男じゃなくてもこいつは嫌だけど。アリアもこんな奴と付き合わなくてよかったよ。

これならまだライアンのほうがマシだと思う。



俺に続いて隣に座ったライアンはまだ肩を震わせている。

「おい!さっき言わなかったのコレだろ」

小声で話しかけると、同じように声を潜めたままライアンが返した。

「いや~、あいつ君が休んでいる間『俺に振られて落ち込んでるから学園に来れない』とか言ってたから·········くく。まさかこんな面白い展開になるなんて」



タイミングよく先生が来て授業が始まる。


後から聞いた話によると奴はうちの隣の領地を所有している侯爵令息で、アリアはいつも追いかけていたらしい。

名前はロイ······なんとか。ムカつくから覚える気なし!


そして俺が転生した前日、アリアの勇気を振り絞った告白を『侯爵の俺様がお前と付き合うとかあり得ないから。
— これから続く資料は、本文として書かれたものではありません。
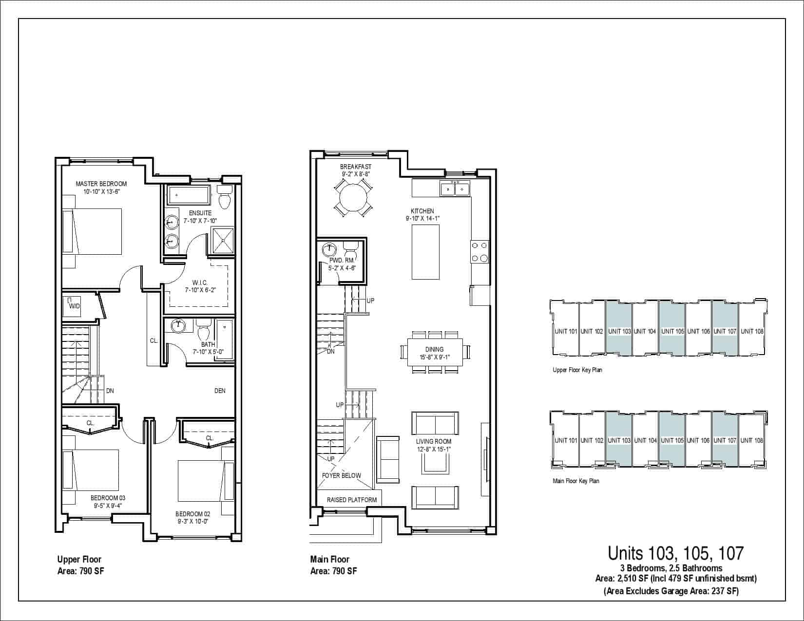 | Units 103, 105, 107 | 3 | 2.5 | 2,510 | - |

まぁ2番目なら考えてやってもいい』って―――ふざけんな!爵位がなんだってんだよ!とライアンから説明された時はぶちギレ寸前だった。


「僕も同じ男として彼の言動は許せないね」と同意するライアンと意気投合した俺は、午後の実技の授業もなんとかやり過ごして放課後ソフィアと一緒に帰宅した。




「――って、なんでライアンも一緒?」

「気にしない、気にしない」


朝と同じ部屋に戻ってきた俺達は、なぜか一緒についてきたライアンと階段を上る。


「おかえり。あれ?ライアン君も一緒だね。一緒にお茶でもどうかな?」

廊下を歩いていると、ちょうど通りかかったロバートさんに声をかけられた。

ライアンはそのまま付いていき、俺は後で伺うことを告げて自室へ。


(あー、疲れたー)


部屋に入ると深い溜め息をついた。なかなか濃い一日だったと思う。


そして制服から部屋着に着替えるとロバートさんの部屋へ向かった。